Closer field, not dirty air, making overtaking harder in 2024

Alexander Albon, Williams, Spa-Francorchamps, 2024

Williams team principal James Vowles does not believe that overtaking in Formula 1 is inherently harder in 2024 than previous seasons.

Despite Formula 1 revolutionising its technical regulations for the start of the 2022 season to reintroduce ground effect downforce generation to make following behind other cars easier, drivers have reported that overtaking has become more difficult over the last two years.

After the last grand prix before the summer break at Spa-Francorchamps, initial race winner George Russell described overtaking as “so difficult” after he held off Mercedes team mate Lewis Hamilton, a view shared by McLaren’s Lando Norris, who finished fifth after spending several laps unable to pass Max Verstappen.

“I actually felt pretty comfortable out there and in good shape – it’s just overtaking was impossible, so I was a bit stuck,” Norris said.

After Alexander Albon was unable to find a way by Lance Stroll despite the spending the final seven laps of the race within DRS range of the Aston Martin, Vowles says his driver was far from alone in struggling to overtake at Spa.

“Overtaking at Spa looks easy in principle. There’s very long straights, especially when you look at turn one exit, going up through Eau Rouge and then that long run down to turn five [Les Combes] – and yet, we didn’t see a lot,” Vowles explained in a video on Williams’ website.

“You needed quite a big tyre delta in order to make that work, and even then it wasn’t enough. Look at the front: the two Mercedes runners – there wasn’t an overtake taking place there [between Russell and Lewis Hamilton], despite the two different strategies.”
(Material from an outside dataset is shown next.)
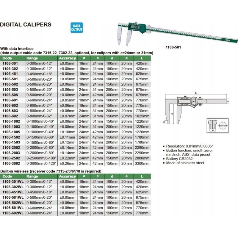 Insize Messschieber 300 Digital 12 3V/ABS/Datum Backen 100 1-seitig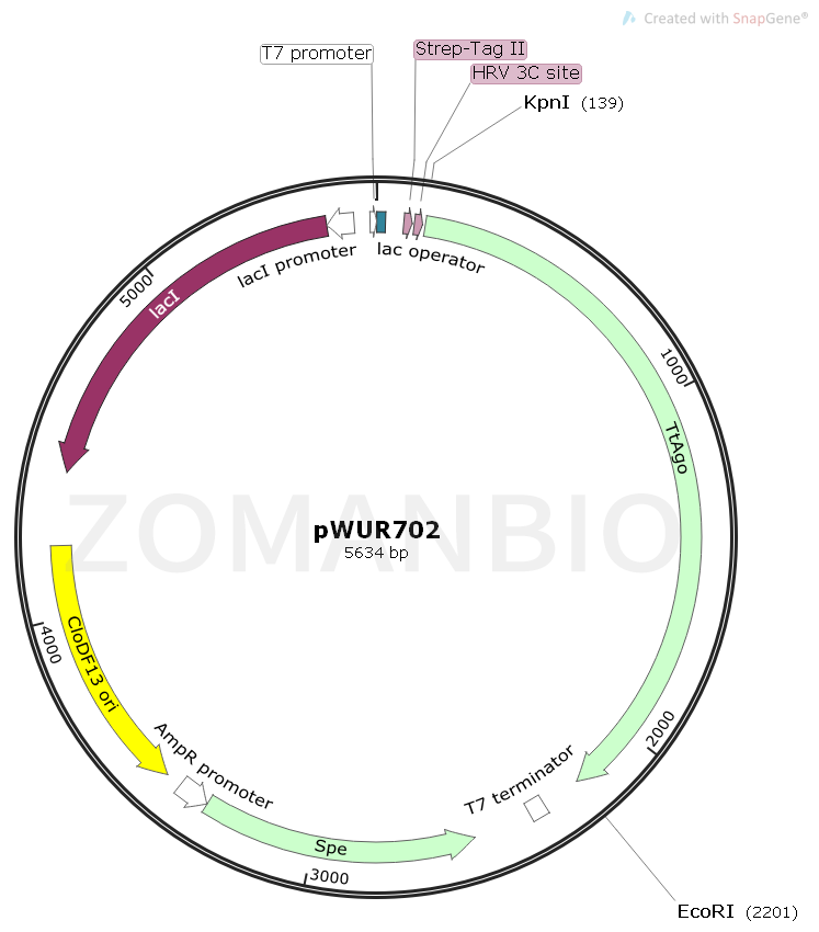 pWUR702質粒可誘導表達TtAgo蛋白,在N端攜帶有Strep-Tag II標簽和HRV 3C site蛋白酶酶切位點。本質粒參考文獻為:DNA-guided DNA interference by a prokaryotic Argonaute.?

Vowles believes that the challenges drivers are facing in following and passing rival cars reflects the closer performance level between cars in the field, rather than an increased problem of dirty air.

“I think what you’re more seeing now is a field that is much, much closer than before,” he explained. “A field where there isn’t tenths between cars, but rather milliseconds. And when that happens, overtaking is just a lot more tricky. You need a lot more tyre delta in order to make it happen.

“So is it harder this year than any other year? I don’t think so. Are the teams close together? Yes. And I think that’s fundamentally it.”